* _GIVEN INFORMATION_
+++
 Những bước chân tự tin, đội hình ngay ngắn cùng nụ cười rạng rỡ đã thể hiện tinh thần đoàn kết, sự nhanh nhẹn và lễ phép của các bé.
+++
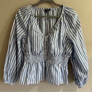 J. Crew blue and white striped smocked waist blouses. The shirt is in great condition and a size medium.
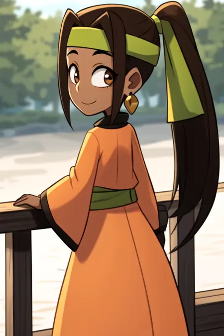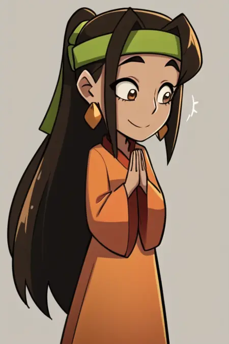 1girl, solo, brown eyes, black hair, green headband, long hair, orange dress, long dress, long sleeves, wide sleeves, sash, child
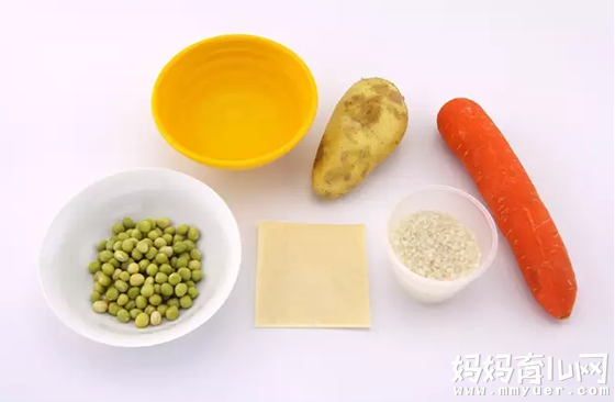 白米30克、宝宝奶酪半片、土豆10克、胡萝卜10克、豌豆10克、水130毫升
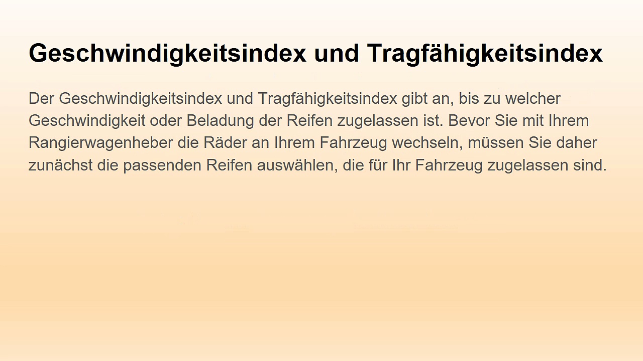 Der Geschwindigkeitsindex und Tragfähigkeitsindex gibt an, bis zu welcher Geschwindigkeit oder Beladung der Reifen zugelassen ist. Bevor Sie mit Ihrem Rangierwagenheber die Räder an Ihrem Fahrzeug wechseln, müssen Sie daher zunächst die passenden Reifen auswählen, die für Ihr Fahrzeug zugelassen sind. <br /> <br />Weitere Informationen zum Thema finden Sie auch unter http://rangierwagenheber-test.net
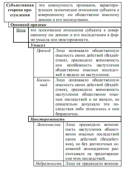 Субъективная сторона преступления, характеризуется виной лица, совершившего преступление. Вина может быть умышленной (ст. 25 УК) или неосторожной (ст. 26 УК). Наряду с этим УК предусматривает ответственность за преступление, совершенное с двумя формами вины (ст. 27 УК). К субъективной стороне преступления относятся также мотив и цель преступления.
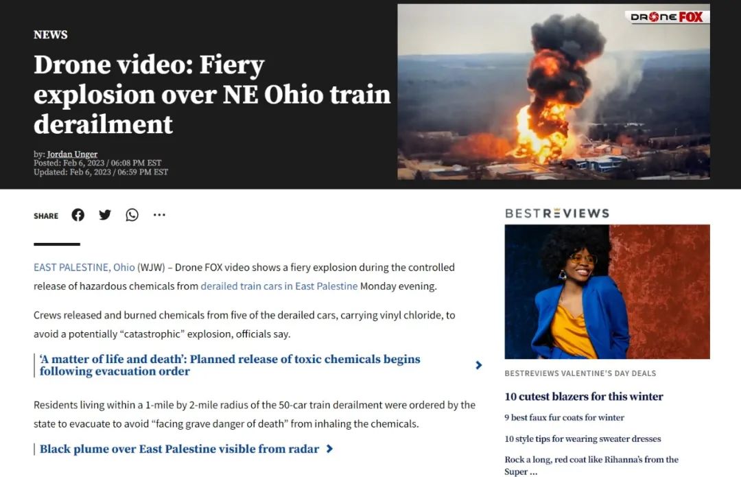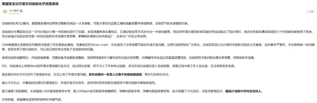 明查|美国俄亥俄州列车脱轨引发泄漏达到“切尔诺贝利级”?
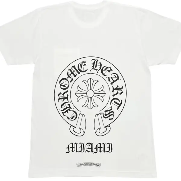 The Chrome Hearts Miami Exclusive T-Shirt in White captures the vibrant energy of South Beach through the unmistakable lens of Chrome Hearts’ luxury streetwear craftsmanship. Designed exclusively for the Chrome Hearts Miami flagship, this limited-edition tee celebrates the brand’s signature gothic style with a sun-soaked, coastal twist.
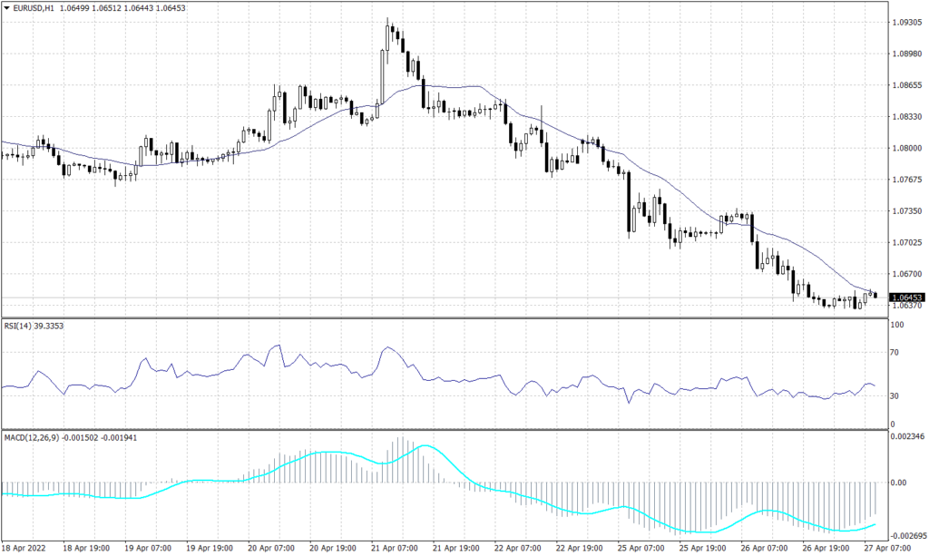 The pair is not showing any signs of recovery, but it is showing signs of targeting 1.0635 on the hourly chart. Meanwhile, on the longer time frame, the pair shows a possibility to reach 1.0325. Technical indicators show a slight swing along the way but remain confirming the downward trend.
+++
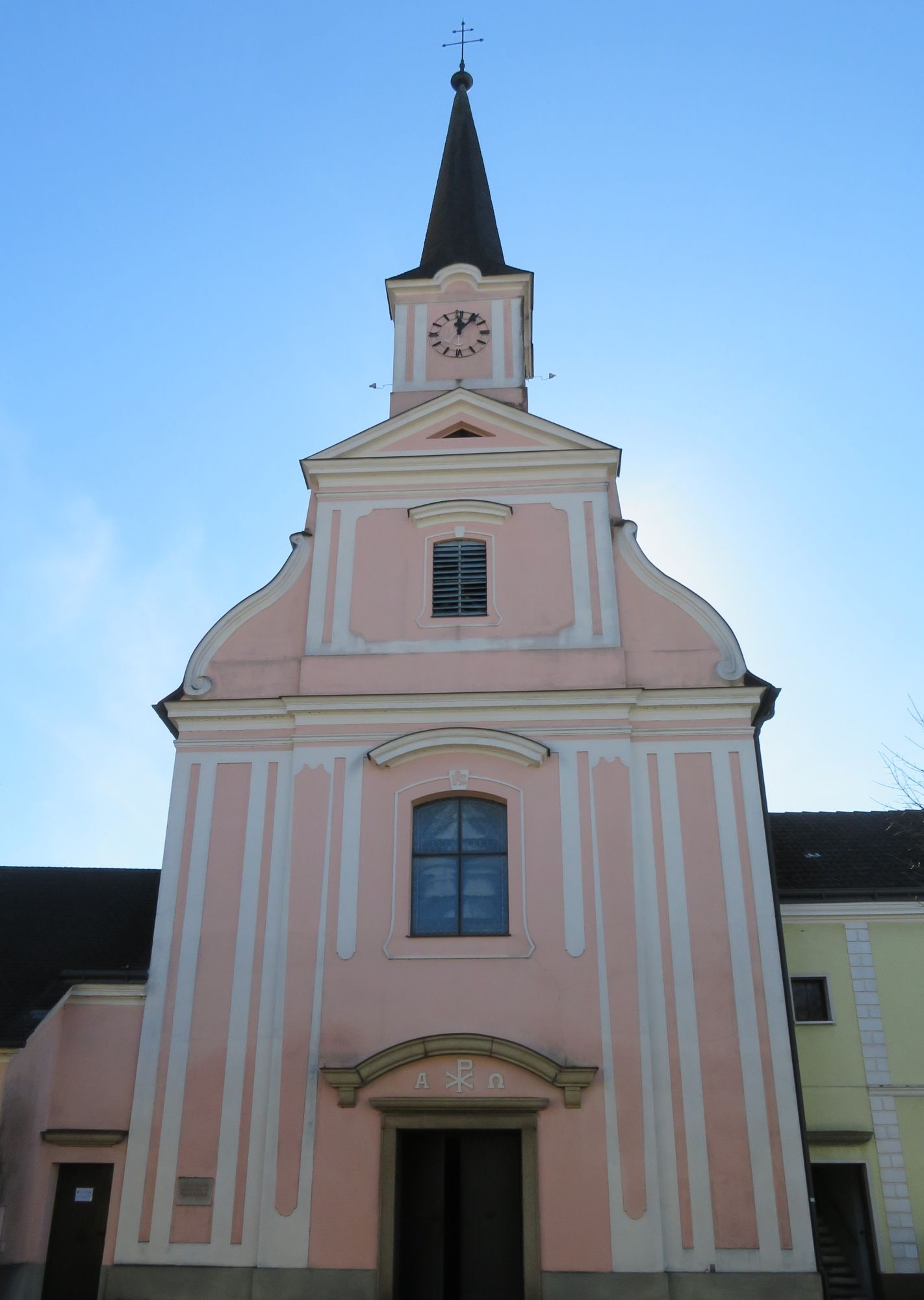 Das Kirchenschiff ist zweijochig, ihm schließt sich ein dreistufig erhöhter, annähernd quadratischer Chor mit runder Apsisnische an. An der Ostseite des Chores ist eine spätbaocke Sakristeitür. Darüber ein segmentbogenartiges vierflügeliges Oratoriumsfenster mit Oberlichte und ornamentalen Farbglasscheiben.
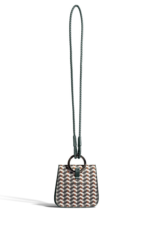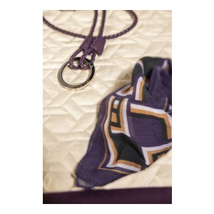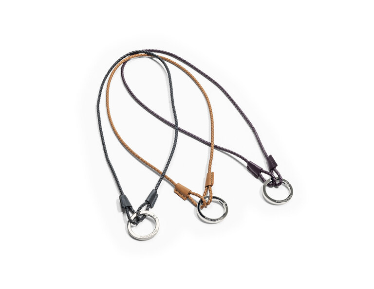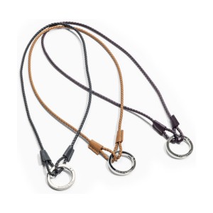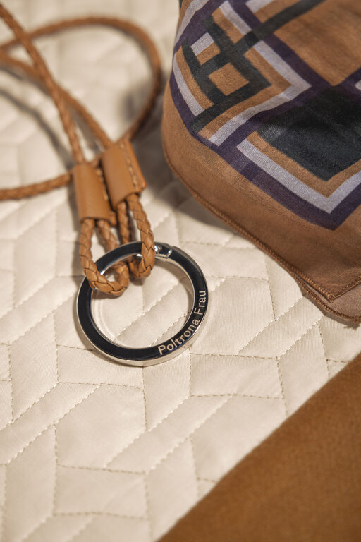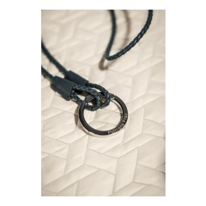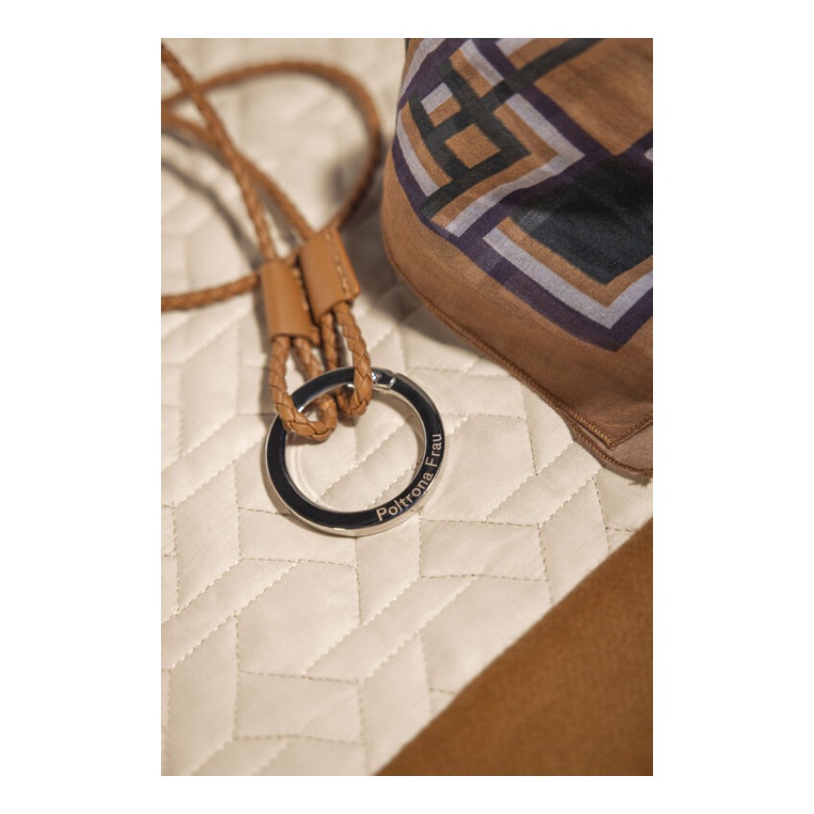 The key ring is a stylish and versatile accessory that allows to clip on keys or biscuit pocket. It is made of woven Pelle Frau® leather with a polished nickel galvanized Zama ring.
+++
In the listing above, find the line containing "The Chrome Hearts Miami Exclusive" and the line containing "The pair is", then output those two lines and everything between them exactly as written, without the images.

* _WRITTEN SOLUTION_
 The Chrome Hearts Miami Exclusive T-Shirt in White captures the vibrant energy of South Beach through the unmistakable lens of Chrome Hearts’ luxury streetwear craftsmanship. Designed exclusively for the Chrome Hearts Miami flagship, this limited-edition tee celebrates the brand’s signature gothic style with a sun-soaked, coastal twist.
 The pair is not showing any signs of recovery, but it is showing signs of targeting 1.0635 on the hourly chart. Meanwhile, on the longer time frame, the pair shows a possibility to reach 1.0325. Technical indicators show a slight swing along the way but remain confirming the downward trend.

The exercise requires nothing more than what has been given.